# Task goal
Copy every record verbatim. Leave the pictures out.

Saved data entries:
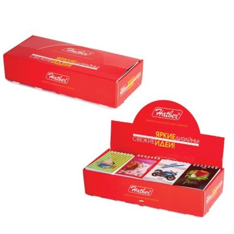 Картонные дисплей-витрины для блокнотов А 7 формата на гребне или на клею станут отличным готовым решением для розничной выкладки.
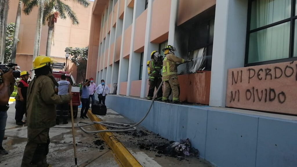 Luego de la protesta violenta por parte de los normalistas, elementos de los Bomberos llegaron y comenzaron a hacer sus acciones, apagando el fuego, que dejó diversos destrozos en el inmueble.
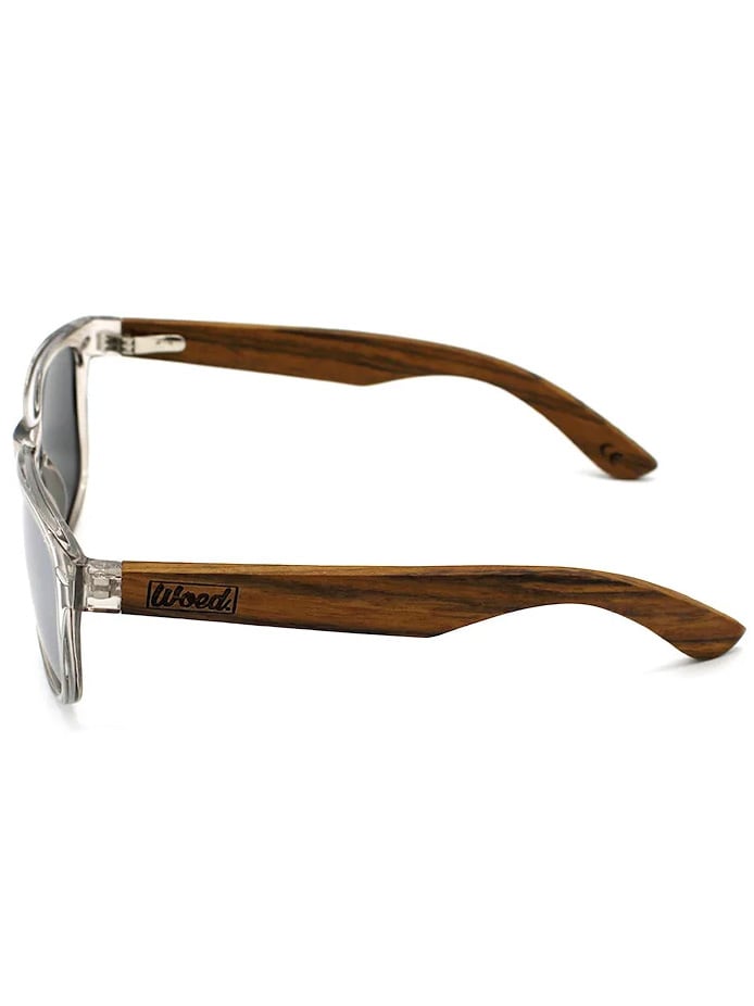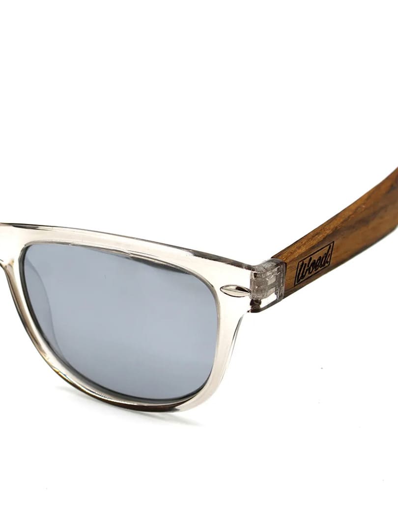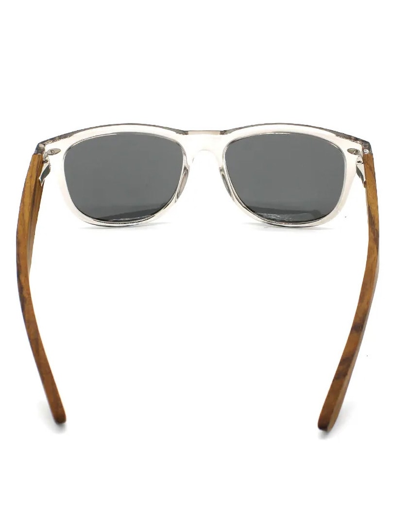 Solglasögon i wayfarer-modell med en transparent båge och skalmar i äkta trä. Glasögonen är utrustade med UV400-polariserade linser som skyddar mot solen och minskar störande reflexer. Levereras med putsduk och praktisk förvaringspåse.
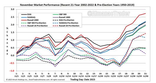 尽管11月被认为是股市表现最好的月份之一,但也存在弱势时期。根据《股票交易员年鉴》的编辑Jeffrey Hirsch的说法,在一个强劲开盘之后,市场往往会在月中和美国感恩节假期前横盘走势,然后在月底反弹。
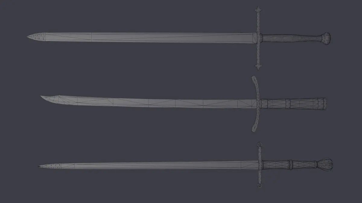 In a set of 3 two-handed swords PBR, the same texture 4096-2048 (albedo, normals dx, normals opengl, roughness, metallic, specular, glossines, orm).
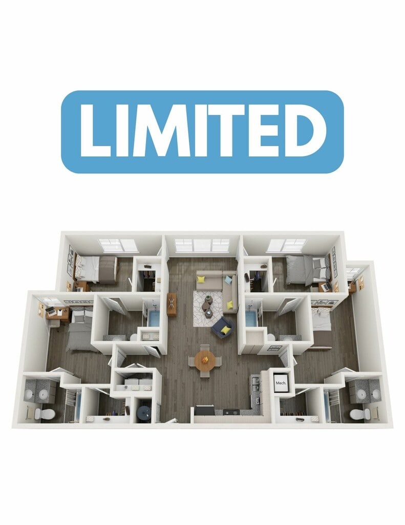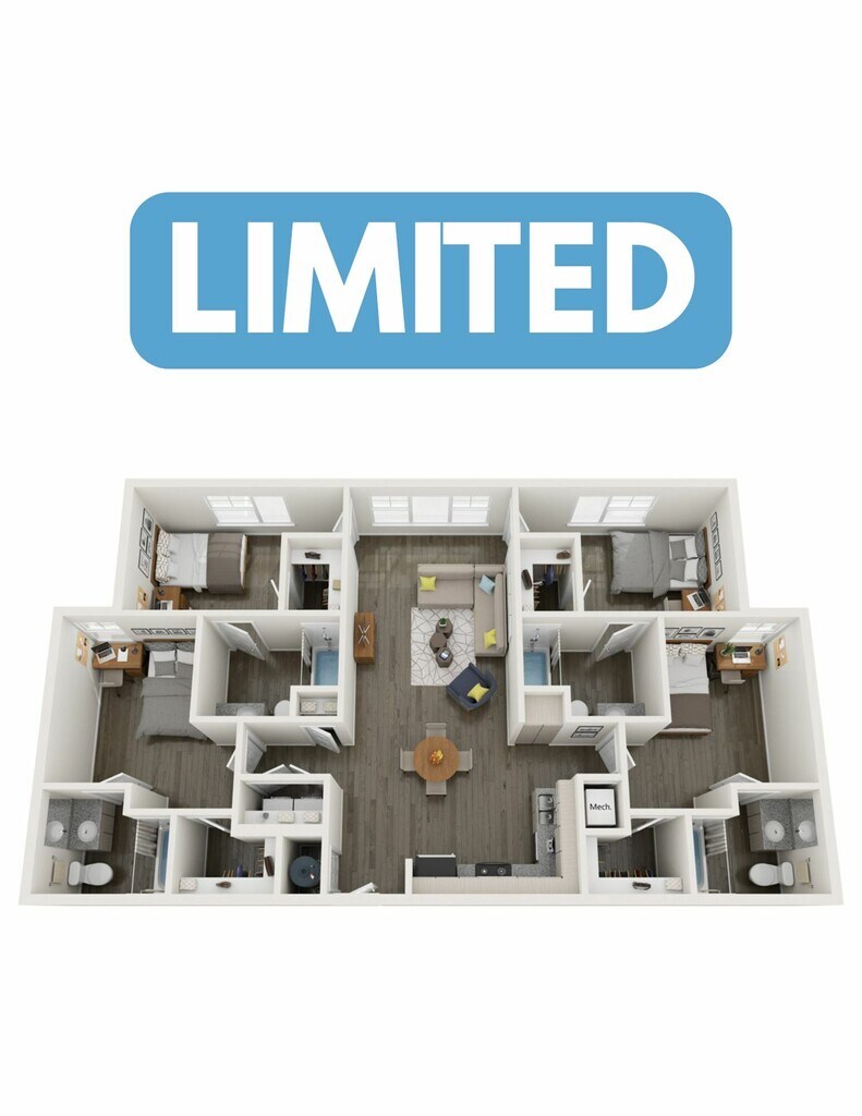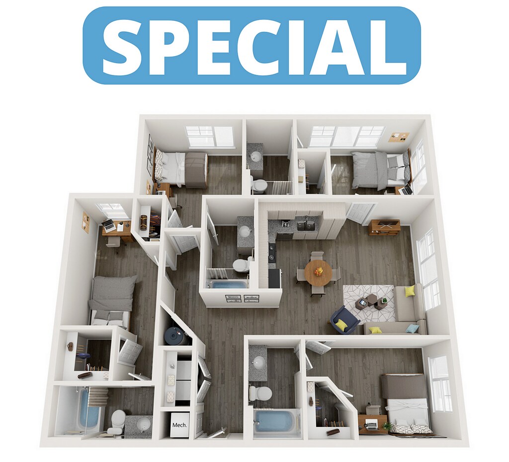B4 - Floorplan 2 Apartment Unit: PrivateApartment Model: B4$1,5052 Bedroom, 2 Bath, 882 sq ftAvailable NowApartment Unit: PrivateApartment Model: B4$1,5602 Bedroom, 2 Bath, 882 sq ftAvailable August 15, 2026Floorplan B2
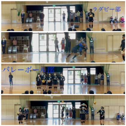 写真は、家庭科部、水泳部、ラグビー部、バレーボール部の様子です。
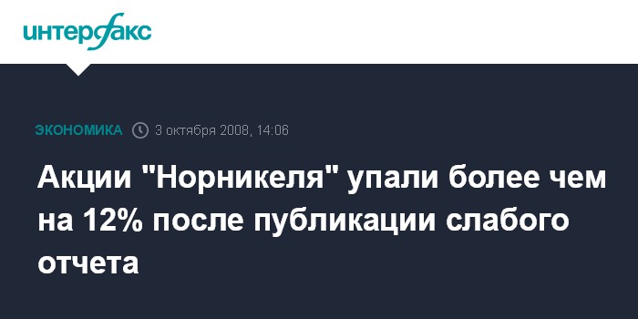 Москва. 3 октября. INTERFAX.RU - Акции ГМК "Норильский никель" рухнули в пятницу более чем на 12% после публикации отчета компании за I полугодие по МСФО, не оправдавшего ожиданий аналитиков.
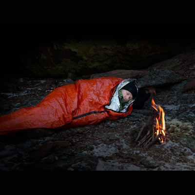 体熱の90%を反射させて体温を維持する特殊な素材を加工した寝袋です。
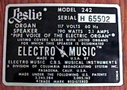 De Leslie 242 is een "Decorative" uitvoering van de 142 dus de specs zijn hetzelfde.
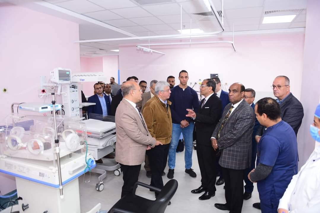 كما قدم رئيس الجامعة عرضا تفصيليا عن المشفي الجديد الذي اقيم بتكلفة مليار و ١٧٨ مليون جنية وبمساحه ٢٤ الف متر مربع ويضم ١٦ غرفة عمليات و ٢٨ سرير اقامة للمرضي و ٤٥ سرير عناية مركزة وعدد ٣٢ حضانة اطفال و ٣٢ ماكينة غسيل كلوي والمستشفي مجهز بأحدث الأجهزة الطبية بتكلفة ٣٠٠ مليون جنية .
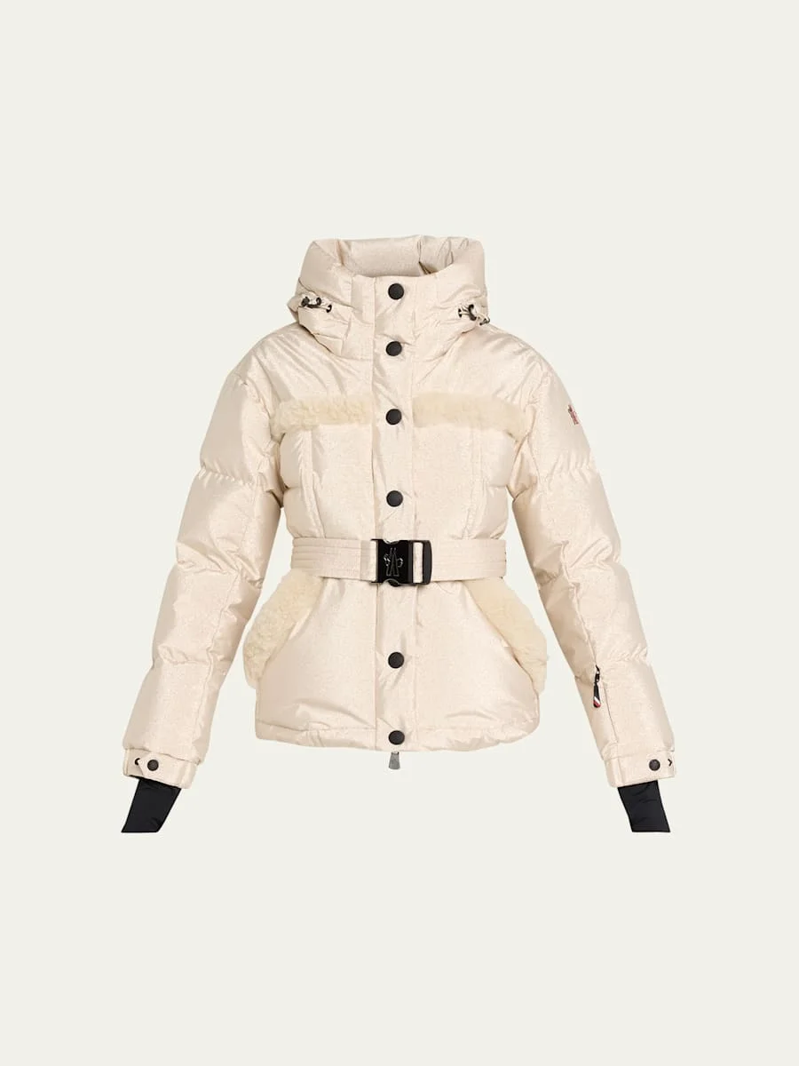 Crafted in metallic performance fabric, the "Mondim" jacket from the Moncler Grenoble collection is insulated with premium goose down and genuine dyed shearling (Romania) trim for an elevated, bold silhouette. Adjustable drawcord hood Long sleeves with adjustable cuffs; stretch jersey wrist gaiters Signature embroidered logo patch on the left sleeve Adjustable, detachable belt with logo buckle and glove carabiner Slip pockets Slim fit Powder skirt Elasticized hem Twoway zipfront with snap storm placket Nylon/polyamide/elastane/metallic fibers Fill: Down/feather Trim: Shearling/fur Professional cleaning recommended Imported
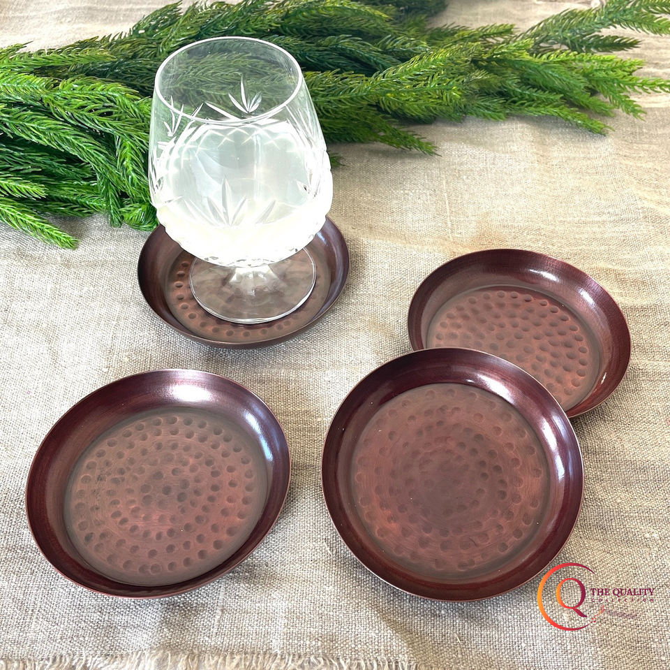 Coaster Antique Copper Set of 4 Hammered Design Coasters With Holder Factory Wholesale Available in Custom Shape and Size
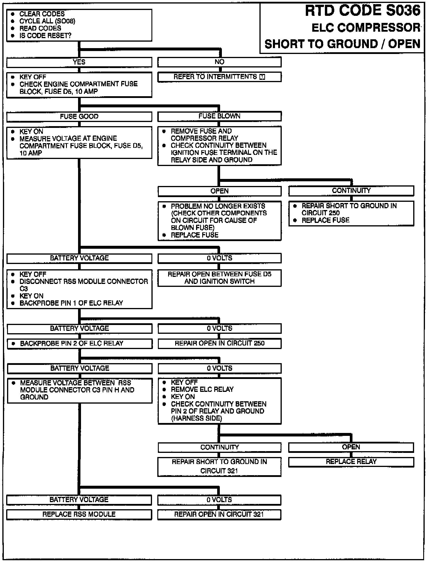 The RSS module monitors the compressor relay circuit during commanded off states. The module expects to see the circuit high.
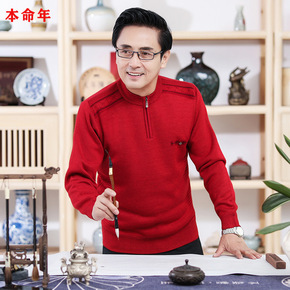 羊毛假两件毛衣男衬衫领加绒加厚中老年人爸爸本命年红...
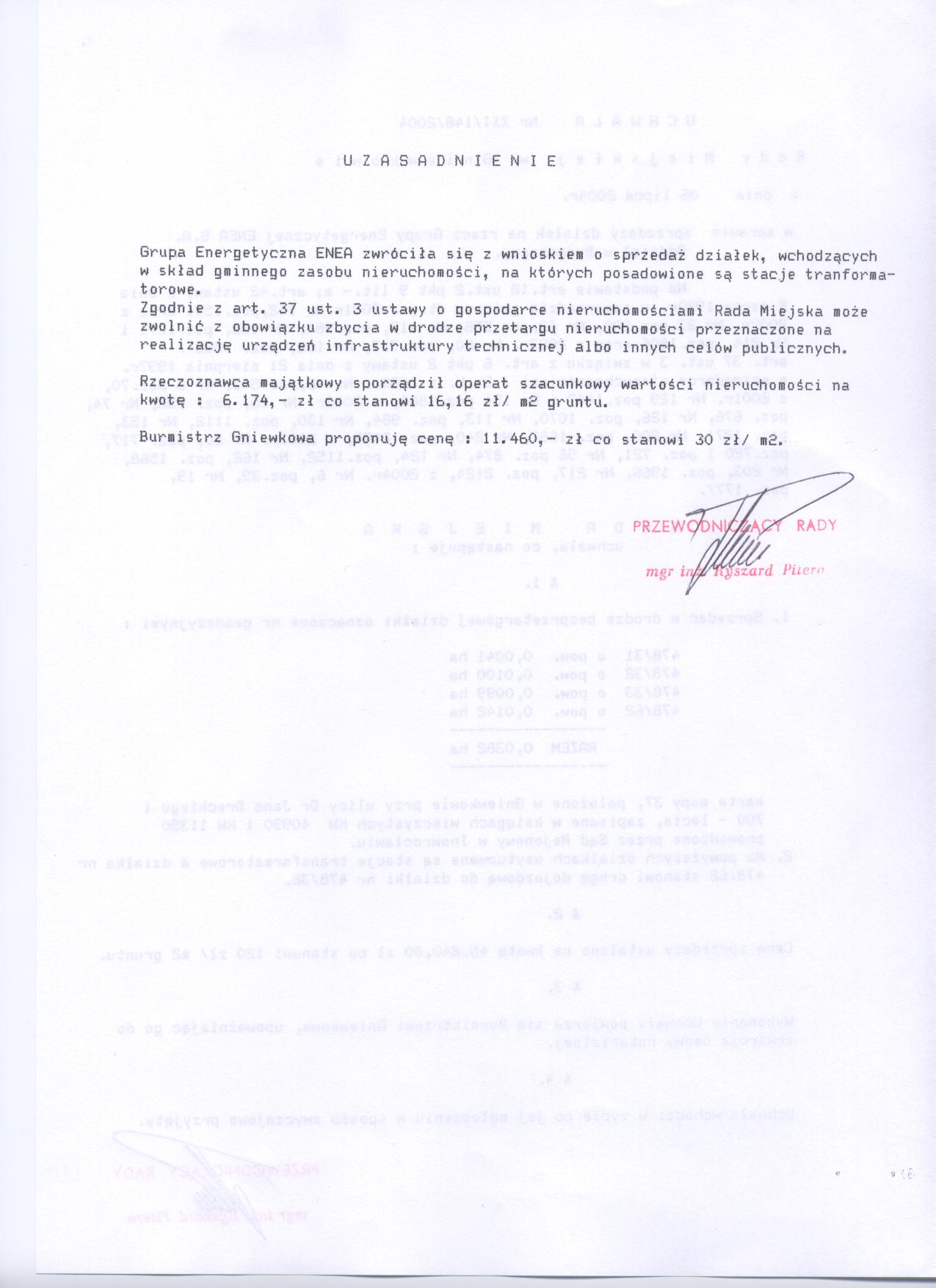 • Uchwała Nr XXI/148/2004 z dn. 06.07.04r. w/s sprzedaży działek na rzecz Grupy ENEA...

# Task solution
 Картонные дисплей-витрины для блокнотов А 7 формата на гребне или на клею станут отличным готовым решением для розничной выкладки.
 Luego de la protesta violenta por parte de los normalistas, elementos de los Bomberos llegaron y comenzaron a hacer sus acciones, apagando el fuego, que dejó diversos destrozos en el inmueble.
 Solglasögon i wayfarer-modell med en transparent båge och skalmar i äkta trä. Glasögonen är utrustade med UV400-polariserade linser som skyddar mot solen och minskar störande reflexer. Levereras med putsduk och praktisk förvaringspåse.
 尽管11月被认为是股市表现最好的月份之一,但也存在弱势时期。根据《股票交易员年鉴》的编辑Jeffrey Hirsch的说法,在一个强劲开盘之后,市场往往会在月中和美国感恩节假期前横盘走势,然后在月底反弹。
 In a set of 3 two-handed swords PBR, the same texture 4096-2048 (albedo, normals dx, normals opengl, roughness, metallic, specular, glossines, orm).
B4 - Floorplan 2 Apartment Unit: PrivateApartment Model: B4$1,5052 Bedroom, 2 Bath, 882 sq ftAvailable NowApartment Unit: PrivateApartment Model: B4$1,5602 Bedroom, 2 Bath, 882 sq ftAvailable August 15, 2026Floorplan B2
 写真は、家庭科部、水泳部、ラグビー部、バレーボール部の様子です。
 Москва. 3 октября. INTERFAX.RU - Акции ГМК "Норильский никель" рухнули в пятницу более чем на 12% после публикации отчета компании за I полугодие по МСФО, не оправдавшего ожиданий аналитиков.
 体熱の90%を反射させて体温を維持する特殊な素材を加工した寝袋です。
 De Leslie 242 is een "Decorative" uitvoering van de 142 dus de specs zijn hetzelfde.
 كما قدم رئيس الجامعة عرضا تفصيليا عن المشفي الجديد الذي اقيم بتكلفة مليار و ١٧٨ مليون جنية وبمساحه ٢٤ الف متر مربع ويضم ١٦ غرفة عمليات و ٢٨ سرير اقامة للمرضي و ٤٥ سرير عناية مركزة وعدد ٣٢ حضانة اطفال و ٣٢ ماكينة غسيل كلوي والمستشفي مجهز بأحدث الأجهزة الطبية بتكلفة ٣٠٠ مليون جنية .
 Crafted in metallic performance fabric, the "Mondim" jacket from the Moncler Grenoble collection is insulated with premium goose down and genuine dyed shearling (Romania) trim for an elevated, bold silhouette. Adjustable drawcord hood Long sleeves with adjustable cuffs; stretch jersey wrist gaiters Signature embroidered logo patch on the left sleeve Adjustable, detachable belt with logo buckle and glove carabiner Slip pockets Slim fit Powder skirt Elasticized hem Twoway zipfront with snap storm placket Nylon/polyamide/elastane/metallic fibers Fill: Down/feather Trim: Shearling/fur Professional cleaning recommended Imported
 Coaster Antique Copper Set of 4 Hammered Design Coasters With Holder Factory Wholesale Available in Custom Shape and Size
 The RSS module monitors the compressor relay circuit during commanded off states. The module expects to see the circuit high.
 羊毛假两件毛衣男衬衫领加绒加厚中老年人爸爸本命年红...
 • Uchwała Nr XXI/148/2004 z dn. 06.07.04r. w/s sprzedaży działek na rzecz Grupy ENEA...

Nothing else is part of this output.